> WHAT TO DO
Once you reach the line with "MAGNIFICENT AND RARE." in the material below, copy each line exactly up to and including the line with "There have been", and skip the pictures.

TASK DATA: Begin

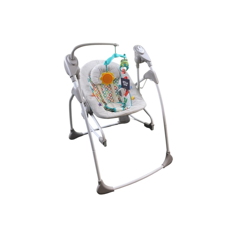This innovative product has a removable swing seat that doubles as a rocker, so youll have two great ways to soothe your little one. It features a 3-position reclining seat, melodies, nature sounds, timer, and a cute jungle theme. Can be used with batteries or as a plug-in.
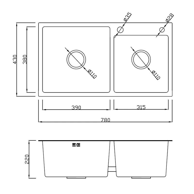 ✨ DUSEL 780×430×220 мм с покрытием Nano Black – это надёжное и стильное решение для современной кухни.
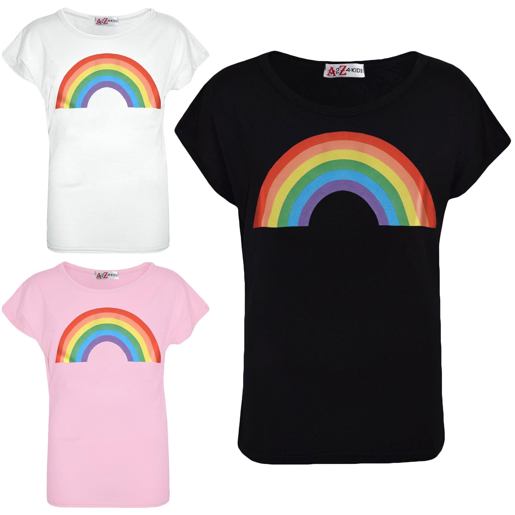 Girls T Shirt Kids Rainbow Print Stylish Round Neck T Shirt Tank Top & Tees 5-13
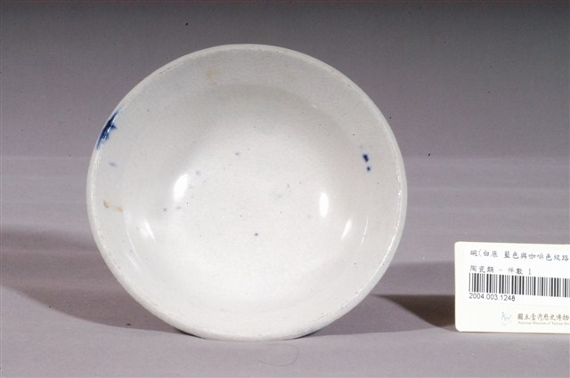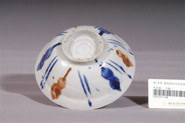 1.青花褐彩生意碗,撇口,折沿,碗外壁口緣下方作一內凹折痕,折痕以下呈圓弧形下收,底有圈足。以模具成形,施釉彩繪裝飾後高溫燒成。全器施白釉,碗內外壁細小開片,圈足底露胎,胎色米白。碗底心特意壓印二道同心弦紋,增添造型變化。碗內壁素面無紋,口沿與折痕上方有幾處青色斑點,應為彩繪施作時不小心沾到鈷料所致,碗外壁用青花與褐彩裝飾,以外底心為中心,呈放射狀繪製雙線紋將碗身分成六等份,雙線中間以青色和褐色交錯妝點水滴形與直線組成的長條色塊。2.生意碗為小吃攤喜愛使用,業者稱為「生意碗」的小吃碗,常見於滷肉飯、肉圓、肉羹等小吃攤。它的形制相當特別,通常胚體厚重,外折的口沿使碗面看起來比一般飯碗大,但碗的下半部向內收縮,碗身也淺,因此在視覺及重量上會讓客人覺得食物份量很多,但實際盛裝的並不多。
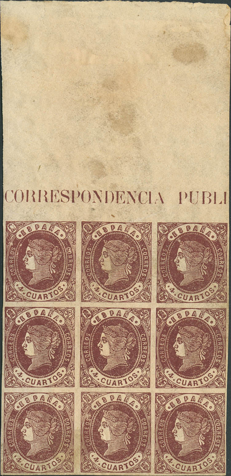 ★★ 58p(9). 1862. 4 quartos chestnut, block of nine (with the header of the sheet). WHITE PAPER. MAGNIFICENT AND RARE.
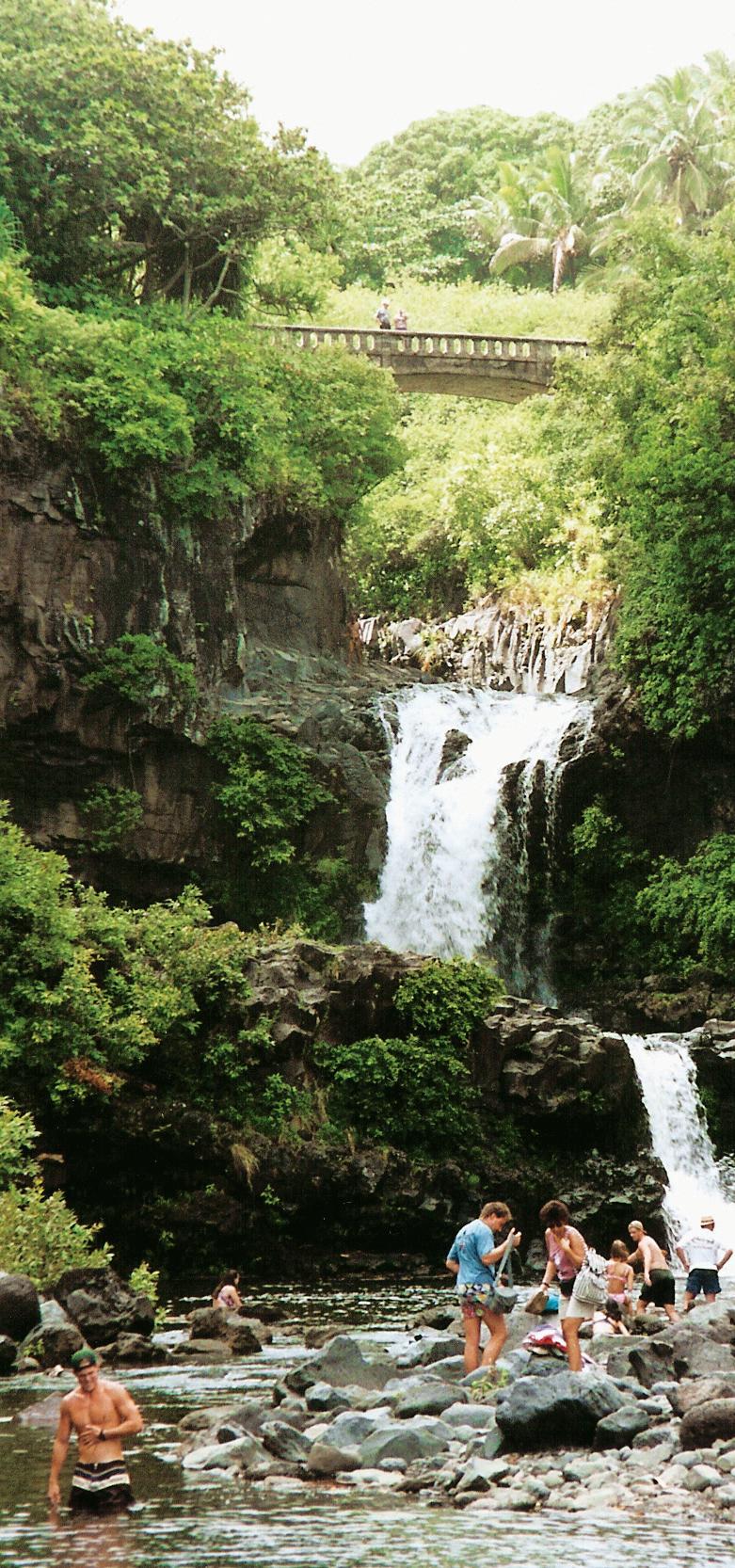 There have been numerous deaths in the popular Oheo Gulch or “Sacred Pools” area of Haleakala Park. About half of the deaths were due to drowning and half from falls, according to the Hawai'i Department of Health. The federal park service has in stalled gate and signs at the access stairway to keep visitors out when water reaches dangerous levels. It’s great fun but . . . OBEY SIGNS. TAKE NO CHANCES.
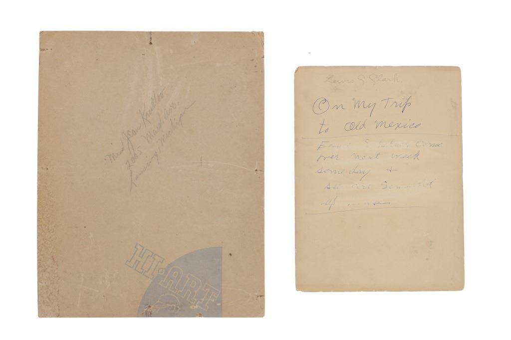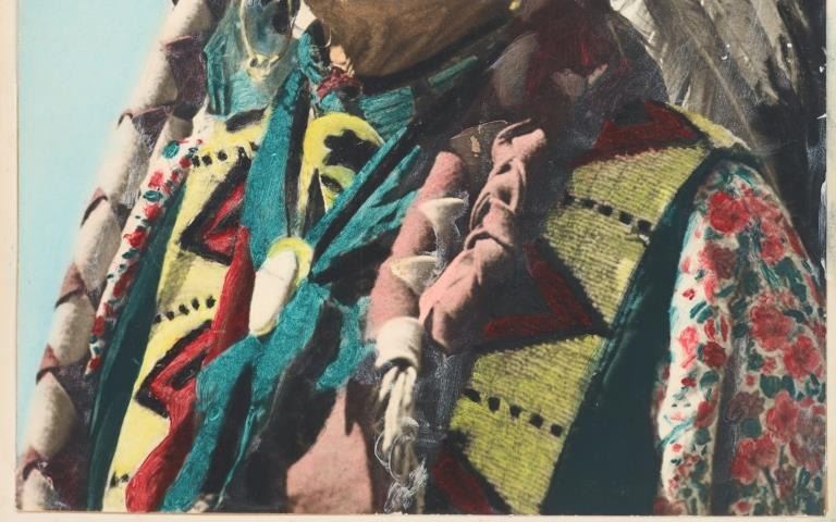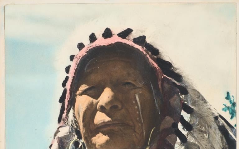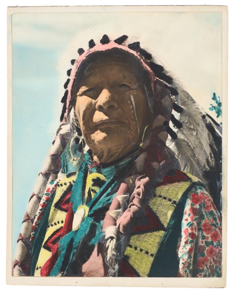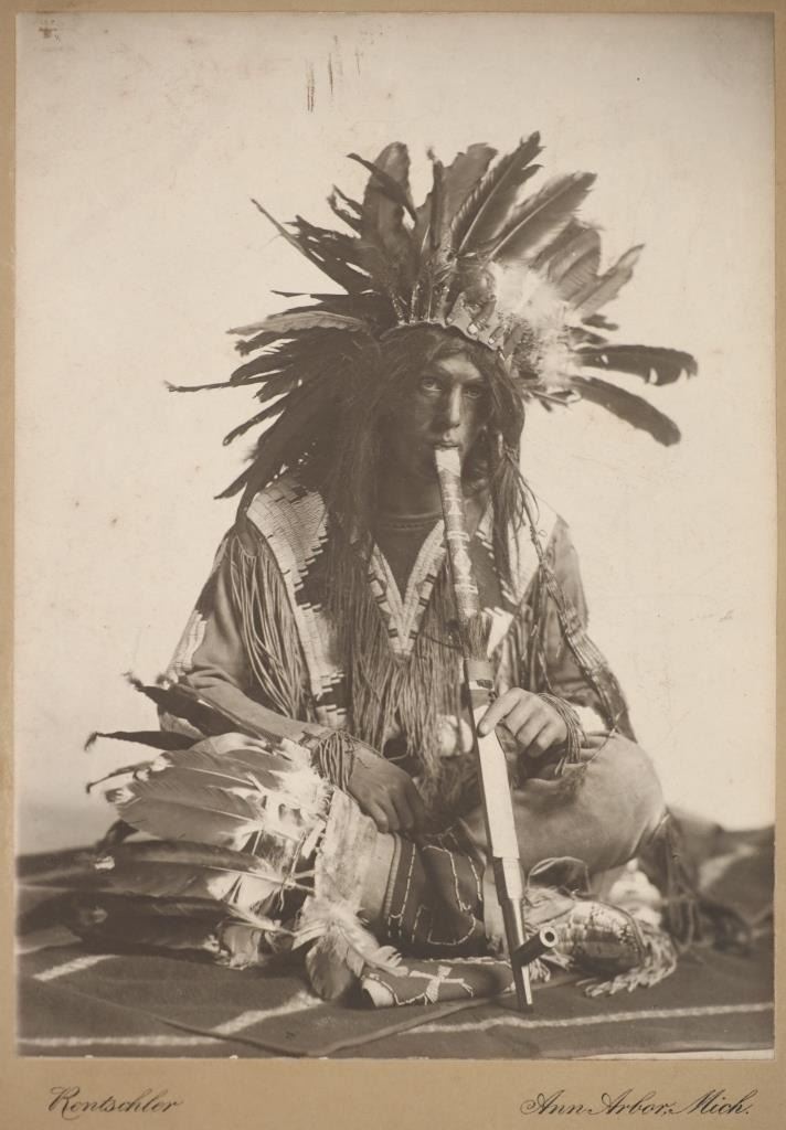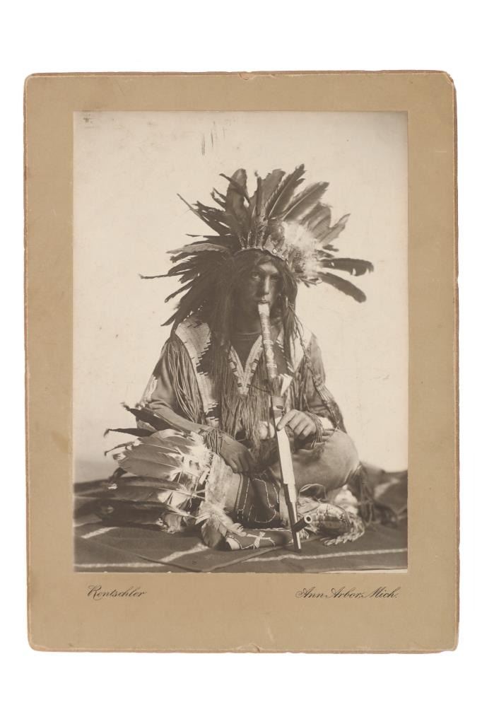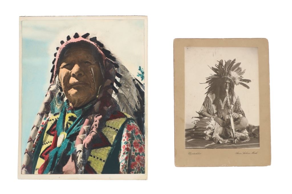 For your consideration are two cabinet card photos of American men from the early 1920-40s. The first and smaller photo was take by Fred Rentschler in Ann Arbor, Michigan in the early 1920s. J. Fred Rentschler (1868–1940) was a prominent portrait photographer based in Ann Arbor, Michigan, who apprenticed with the photography firm Lewis and Gibson before establishing his own studio in 1890 at the corner of Main and Huron streets. As his business grew, he relocated in 1904 to 319 East Huron Street, constructing a studio with a two-story glass wall to maximize natural light. Rentschler's studio became the go-to place for portraits of mayors, businessmen, service organization officers, ministers, and University of Michigan presidents from James Angell onward. He also photographed leading professors and major sports teams, including the university's football team. In 1926, his son Edwin joined the business, continuing the tradition until 1969. The Rentschler studio remained a cornerstone of Ann Arbor's photographic history for over eight decades, capturing countless images that documented the city's social and academic life. His photo shows a Native American man sitting in his studio getting photographed. He is wearing traditional clothing and a feather headdress as he smokes a large tobacco pipe. The bottom of the photo reads, "Rentschler / Ann Arbor, Mich.". The second and larger photo is hand colored and shows a Native American man looking down towards the camera as his photo is being taken. It is brightly colored and shows a small section near the headdress that is uncolored. The photos show good condition overall with slight wear present from their age and use over the years but no signs of damage noted. The smaller visible photo measures 6 1/4" L x 4 1/2" W, while the entire piece measures 7 7/8" L x 5 7/8" W. The larger photo measures 10" L x 7 7/8" W.*

TASK DATA: End

> EXPECTED OUTPUT
 ★★ 58p(9). 1862. 4 quartos chestnut, block of nine (with the header of the sheet). WHITE PAPER. MAGNIFICENT AND RARE.
 There have been numerous deaths in the popular Oheo Gulch or “Sacred Pools” area of Haleakala Park. About half of the deaths were due to drowning and half from falls, according to the Hawai'i Department of Health. The federal park service has in stalled gate and signs at the access stairway to keep visitors out when water reaches dangerous levels. It’s great fun but . . . OBEY SIGNS. TAKE NO CHANCES.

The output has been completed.